March
29
Posted on 29-03-2008
Filed Under (Church and State, Culture) by Albert Mcllhenny

On the surface, the forces behind the spread of secularism and Islam would appear to have little in common. Secularism is essentially a movement against a place for religious belief in public life, while Islam holds the complete subservience of the public sphere to Islam through the imposition of Sharia law. But, as Richarad Bastein points out in an article at Mercator.net, things may not always be as they seem. Just as similarities were notable between the seemingly opposed forces of Nazism and Marxism, so links can also be seen between Islam and secularism.
First and foremost, as Bastein emphasizes, is the complete separation of religious belief and reason. As Christianity came into contact with the philosophical reasoning of Greco-Roman culture, there was bound to be conflict as some in the fledgling Church would see wisdom outside of the Christian revelation as a “pagan influence”, some would make the new faith subservient to reason, and others would seek to harmonize the nartural truth found within classical philosophy with the supernatural revelation found within the Holy Scriptures. The Church would come to reject the first two approaches as she saw that all truth was of God and throughout the patristic period the use of philosophy aided in bringing clarity to the ideas contained within Christian dogma.

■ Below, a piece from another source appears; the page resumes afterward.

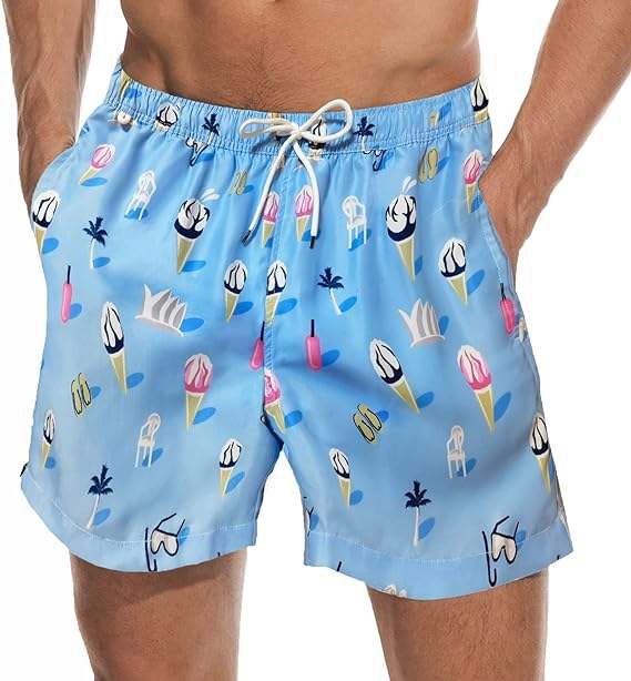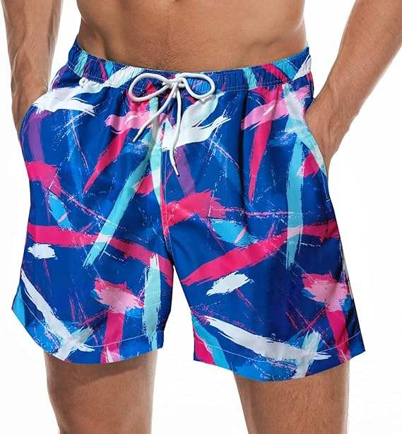Wholesale Board Men's Casual Painted Quick Dry Swim Trunks Mesh Liner Beach Swimming Shorts with Side Pocket
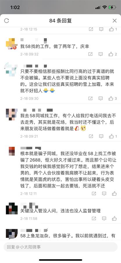 目前,李林鹏已经在医院接受救治,但招聘网站58同城受到大量网友指责。在该条新闻下方,许多网友反映自己曾在58同城求职遭遇骗局。

When the forces of Islam conquered much of the Christian East, they too came struggled with the existence of ideas outside their religious system and there were many Islamic scholars in the middle ages who hovered on the border of Islam and classical philosophy. But, as the centuries wore on, the sway of competing ideas outside the Islamic tradition became noticably weaker. Islamic culture was greatly enriched by its contact with the rich cultures of its conquered lands in Persia, Byzantium, and India and the internalization of these influences would lead to the flowering of Islamic culture. However, as varying forces swept through Islam brought on by the rise of differing regimes, there would be increasing hostility to ideas that could be considered to constitute an independant influence not specifically subservient to the goals of Islam. Islamic culture would eventually ossify and its role as the worlds’ great power overcome by the rise of the Christian West.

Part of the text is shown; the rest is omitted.